Cronicando: Fragrâncias

Robledo Carlos (de Divinópolis)

Cronicando: Fragrâncias
Robledo Carlos é representante comercial




É quando o sol invade o meu silêncio, obsceno de buscas invisíveis que, notadamente em tela imaginária, me vêm tais lembranças em soleiras e portais.

Procuro, às vezes, entender o motivo que me faz assim, um saudosista inveterado, ranzinza e só.

Minha contemplação ao sentimento, quase sempre é provocado por cheiros, imagens simplistas ou, até mesmo, o silêncio.

Uma pequena caixa de aviamentos, alguns carretéis de linhas usadas, agulhas, colchetes, alfinetes e um dedal.

Sobre a mesa, exposto em uma cestinha, alguns pares de meias a serem cerzidas, geralmente no calcanhar, e um ovo, para o serviço se tornar quase uma perfeição.

Cheiro de fragrância de vó, sabonete delicado de lavanda, um velho óculos de grau e um olhar repleto de ternura e graça.

As mãos trabalham delicadamente sob o buraco da meia onde o ovo delimita o defeito para a cerzimento, nota-se mãos rudes, porém delicadas, com pequenas manchas no dorso, murchas até.

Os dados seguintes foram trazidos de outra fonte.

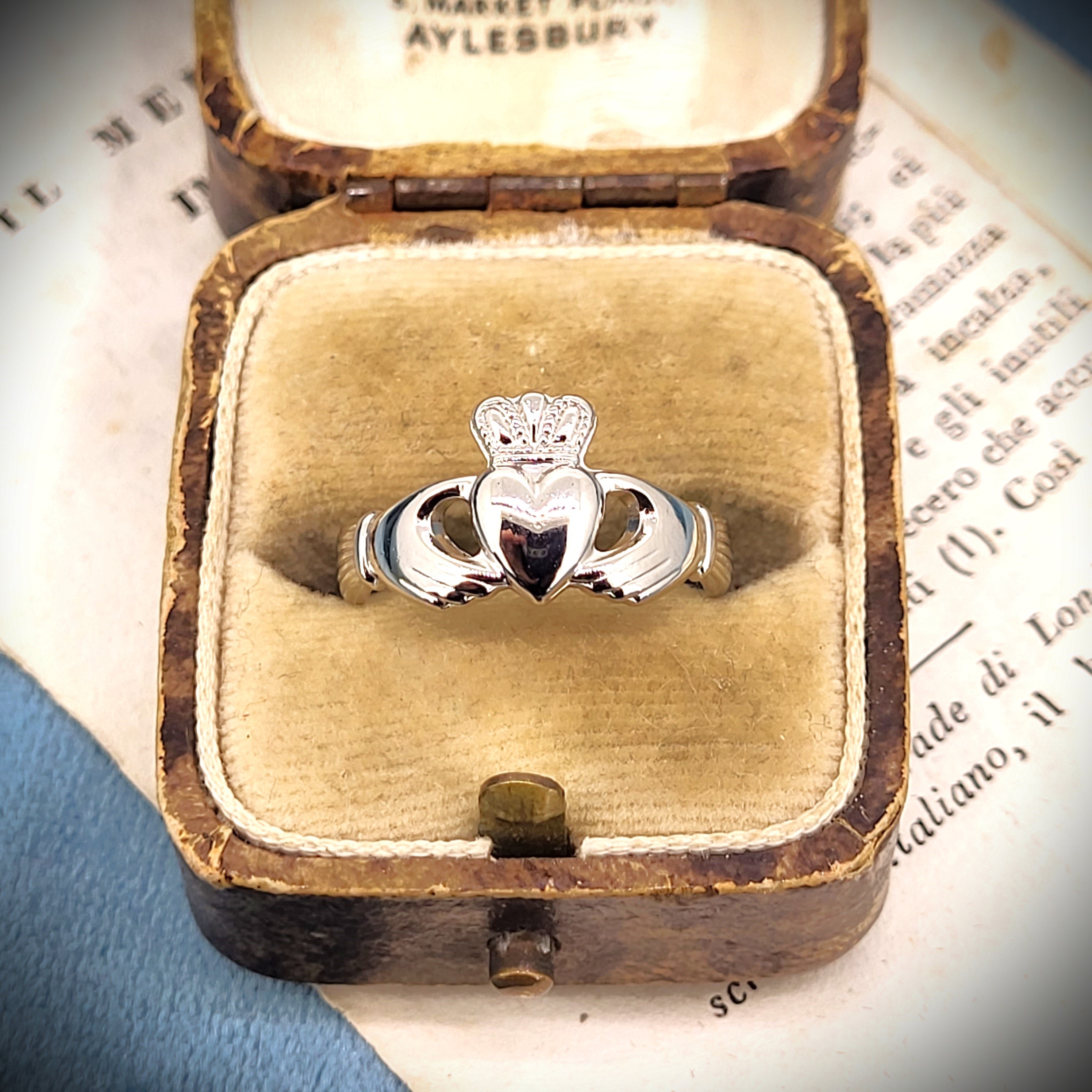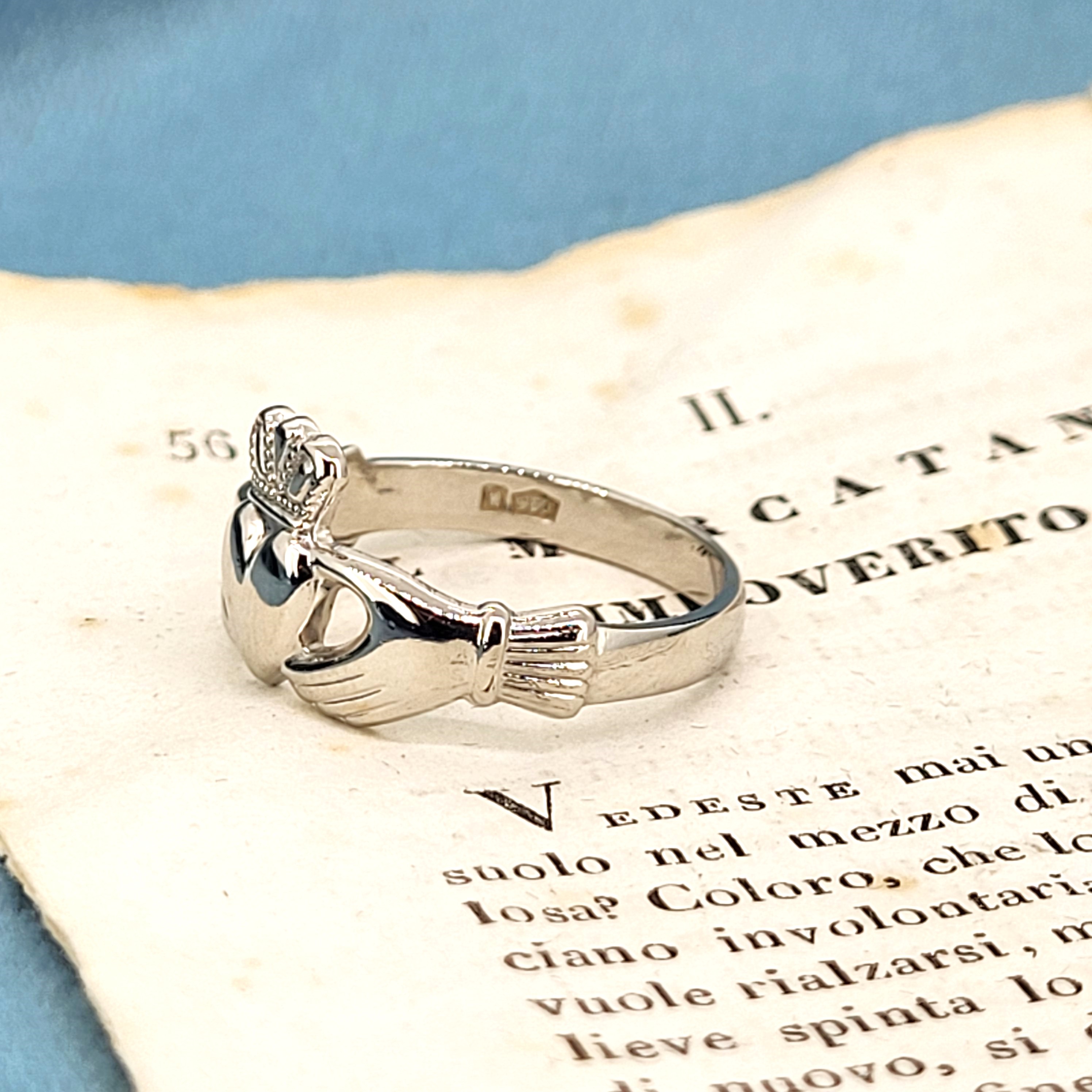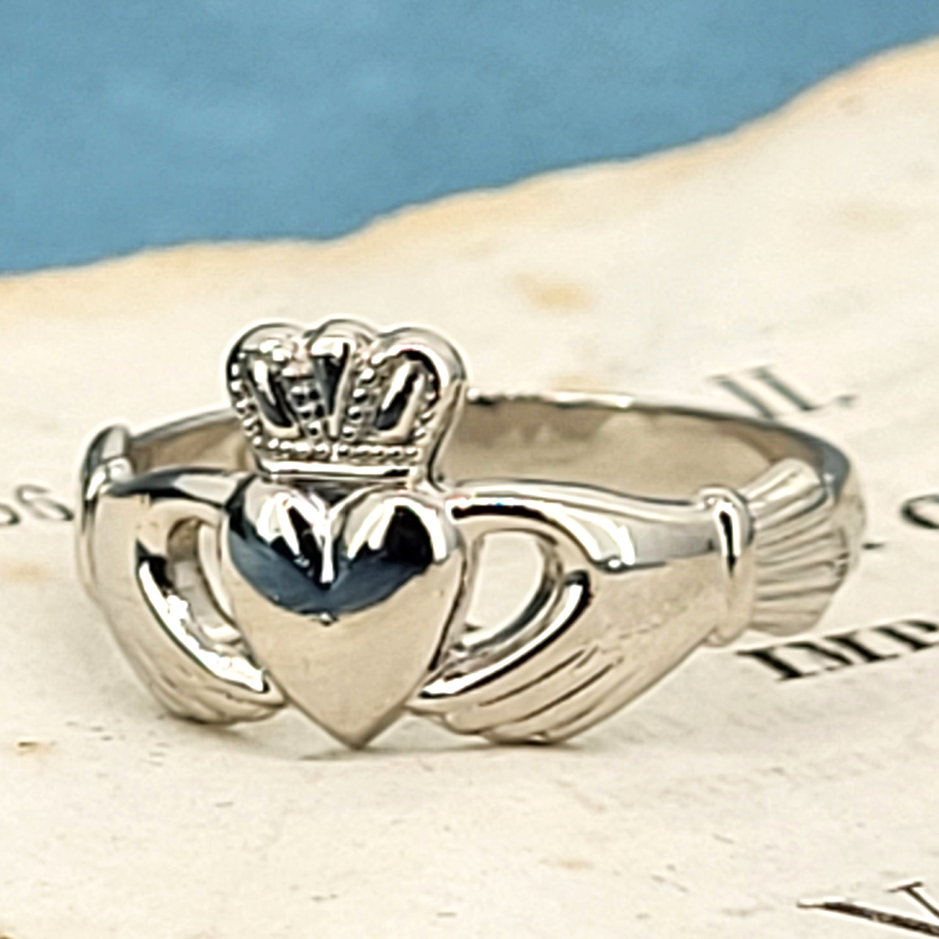 A Claddagh Ring is a traditional Irish ring that represents love, loyalty and friendship. the heart represents Love, the crown represents Loyalty, and the hands represent Friendship. They can also be worn facing inwards or outwards to indicate the wearers relationship status.

Concentrado mecanismo de serventia de uma vida inteira, agora aos outros, não somente a seus filhos. Queria eu estar agora para ao menos sonhar o que estavas a pensar, qual era a sua preocupação momentânea, ou se era somente o buraco da meia.

Interrompe minha lucidez um mosquito sobre a minha mão já também gasta pelo tempo.

Noutras, retorno em receber das mesmas mãos, uma caneca de leite quente, percebe-se o açúcar queimado esvoaçante entre assopros e minhas narinas, que envolto em minhas mãos, a vê retornando arrastando o chinelo com certo grau de dificuldade.

Amor servil, continuismo de essência maternal de carinho e zelo.

A vida não pode ser só aqui, seriam necessários alguns milênios para me acostumar sem ela, ou melhor, para que eu agora pudesse servi-la.

Uma velha gaveta com alguns sabonetes de presentes ganhados, umas cartas envoltas em fios de lã, algumas orações de santos devotos e um velho terço gasto, alguns grampos de cabelo, algumas fitas e uma escova.

Ainda a vejo admirar uma foto velha de meu avô, pacientemente fitando os seus olhos enamorados.

O que mais gosto em tudo isso, é que o sol sempre me invade em luz, pelo menos por enquanto, nesse meu refúgio de fragrâncias.